= Multani Lohar =

Community in India

The Multani Lohar are a Muslim blacksmith and carpenter community found in the states of Gujarat and western Uttar Pradesh, and Madhya Pradesh in India.

Some of them are also found in state of Rajasthan, they converted to Islam from Rajput community and some from Brahmin community due to the influence of Sufi Islam in India in the 11th century. By creating egalitarian communities within the stratified caste systems, Sufis successfully spread their teachings of love, spirituality, and harmony. It was this example of Sufi brotherhood and equity that drew people to the religion of Islam.

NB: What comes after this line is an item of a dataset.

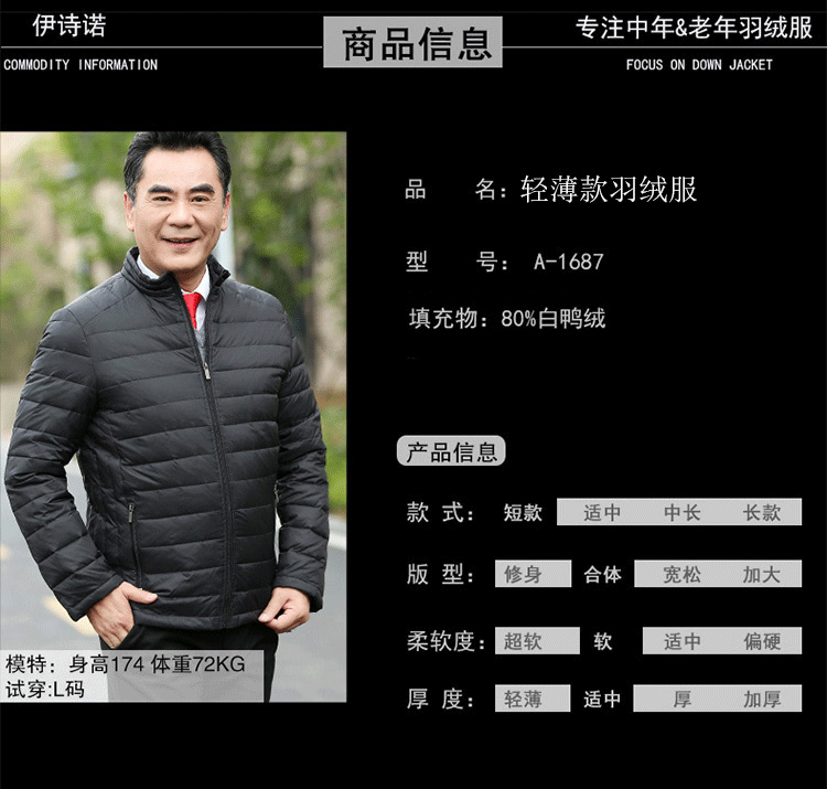 中老年轻薄羽绒服男老爸秋季40岁50中年人爸爸装冬装老人外套短款

They also play a role as Rajput fighters on the side of Rajputana against the Mughal Army from Amar Singh Rathore Ruler of Marwar Rajasthan.
For contributing in the army, they bought from ruler of Jodhpur To Nagaur equipment like cannonballs, swords, and armors.
They also play a significance role in the freedom fight or revolution of 1857, seven Lohars fought with Britains and received martyrdom while fighting with them.
They also stand with Khilafat Movement, Civil Disobedience Movement, Satyagraha.
In the revolution of 1942 Quit India Movement: freedom movements of Mahatma Gandhi.
Nowaday they are found mostly in three states and minorly in seven states of India. Some of them are still blacksmiths but some of them moved on to the next generation for new opportunities.